Recorded data>
»»

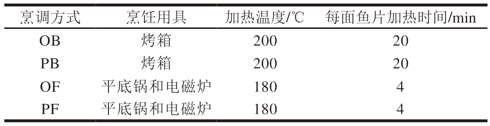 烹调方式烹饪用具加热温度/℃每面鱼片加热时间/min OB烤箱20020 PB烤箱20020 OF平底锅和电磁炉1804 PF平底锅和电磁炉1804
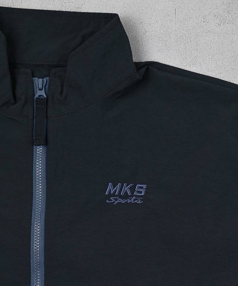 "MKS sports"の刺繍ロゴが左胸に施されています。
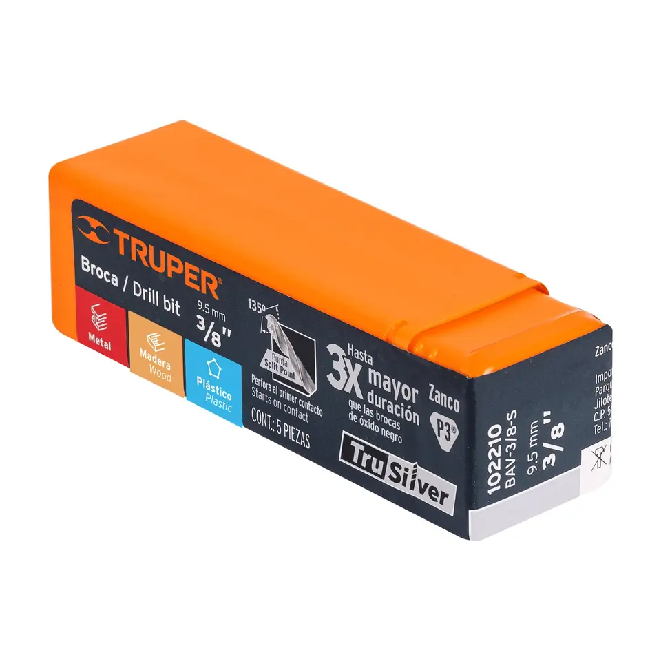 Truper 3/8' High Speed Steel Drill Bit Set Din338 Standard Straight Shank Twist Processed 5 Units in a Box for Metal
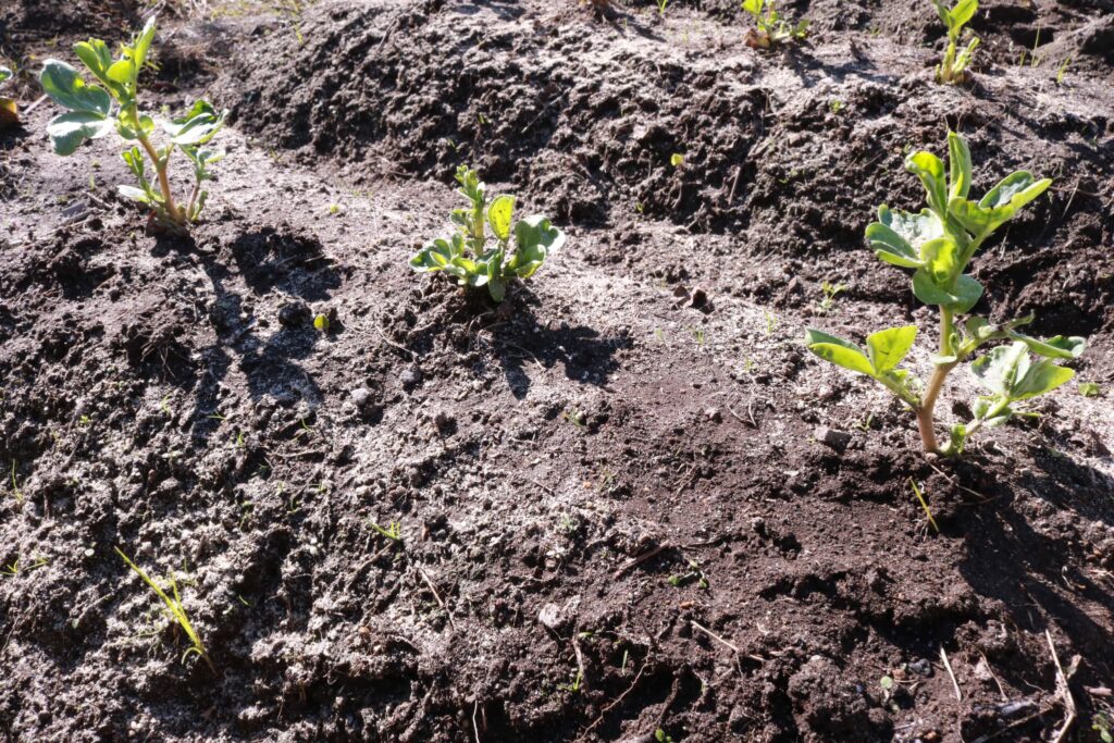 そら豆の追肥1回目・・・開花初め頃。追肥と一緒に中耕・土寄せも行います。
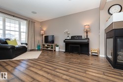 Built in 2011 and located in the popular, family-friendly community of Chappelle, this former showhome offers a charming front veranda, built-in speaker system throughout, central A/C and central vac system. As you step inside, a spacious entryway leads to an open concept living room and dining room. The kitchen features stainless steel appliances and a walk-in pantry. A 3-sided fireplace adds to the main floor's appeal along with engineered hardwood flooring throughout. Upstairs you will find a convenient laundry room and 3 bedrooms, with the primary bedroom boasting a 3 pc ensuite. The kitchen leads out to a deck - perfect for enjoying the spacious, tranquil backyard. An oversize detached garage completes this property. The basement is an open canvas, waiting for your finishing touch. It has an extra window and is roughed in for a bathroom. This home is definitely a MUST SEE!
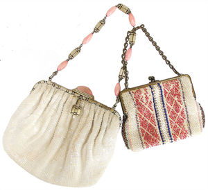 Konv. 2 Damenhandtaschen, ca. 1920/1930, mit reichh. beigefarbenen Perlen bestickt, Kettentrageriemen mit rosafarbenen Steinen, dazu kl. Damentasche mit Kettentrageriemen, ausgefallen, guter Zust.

««
»»

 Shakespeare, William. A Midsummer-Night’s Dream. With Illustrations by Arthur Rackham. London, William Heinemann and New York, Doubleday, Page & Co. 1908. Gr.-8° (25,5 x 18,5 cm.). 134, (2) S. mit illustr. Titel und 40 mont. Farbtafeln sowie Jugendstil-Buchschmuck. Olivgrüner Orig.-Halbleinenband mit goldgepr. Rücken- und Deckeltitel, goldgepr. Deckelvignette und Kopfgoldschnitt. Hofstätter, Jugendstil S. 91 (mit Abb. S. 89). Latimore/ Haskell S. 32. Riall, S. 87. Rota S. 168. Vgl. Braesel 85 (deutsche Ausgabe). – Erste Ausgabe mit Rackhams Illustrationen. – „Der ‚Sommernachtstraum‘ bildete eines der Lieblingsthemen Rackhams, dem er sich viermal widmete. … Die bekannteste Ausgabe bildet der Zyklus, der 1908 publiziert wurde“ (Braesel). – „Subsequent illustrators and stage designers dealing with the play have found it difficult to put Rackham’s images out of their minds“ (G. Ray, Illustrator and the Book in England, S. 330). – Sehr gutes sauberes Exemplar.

««
»»

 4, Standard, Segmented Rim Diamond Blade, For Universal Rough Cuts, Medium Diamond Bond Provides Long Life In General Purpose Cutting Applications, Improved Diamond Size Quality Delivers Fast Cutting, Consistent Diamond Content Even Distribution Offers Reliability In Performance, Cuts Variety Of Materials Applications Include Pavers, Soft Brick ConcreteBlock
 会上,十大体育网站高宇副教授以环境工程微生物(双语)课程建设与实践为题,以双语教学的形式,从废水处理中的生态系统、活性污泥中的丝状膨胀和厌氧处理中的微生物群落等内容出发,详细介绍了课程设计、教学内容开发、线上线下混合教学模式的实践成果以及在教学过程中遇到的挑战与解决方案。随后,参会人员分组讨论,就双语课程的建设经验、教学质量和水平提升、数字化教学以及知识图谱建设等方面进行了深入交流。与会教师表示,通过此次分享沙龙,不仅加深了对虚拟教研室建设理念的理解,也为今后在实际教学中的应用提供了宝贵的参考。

««

Exercise> Given the listing above, repeat exactly the lines starting at the one with "烹调方式烹饪用具加热温度/℃每面鱼片加热时间/min OB烤箱20020 PB烤箱20020" and ending at the one with "そら豆の追肥1回目・・・開花初め頃。追肥と一緒に中耕・土寄せも行います。", inclusive, excluding pictures.

Result below>
 烹调方式烹饪用具加热温度/℃每面鱼片加热时间/min OB烤箱20020 PB烤箱20020 OF平底锅和电磁炉1804 PF平底锅和电磁炉1804
 "MKS sports"の刺繍ロゴが左胸に施されています。
 Truper 3/8' High Speed Steel Drill Bit Set Din338 Standard Straight Shank Twist Processed 5 Units in a Box for Metal
 そら豆の追肥1回目・・・開花初め頃。追肥と一緒に中耕・土寄せも行います。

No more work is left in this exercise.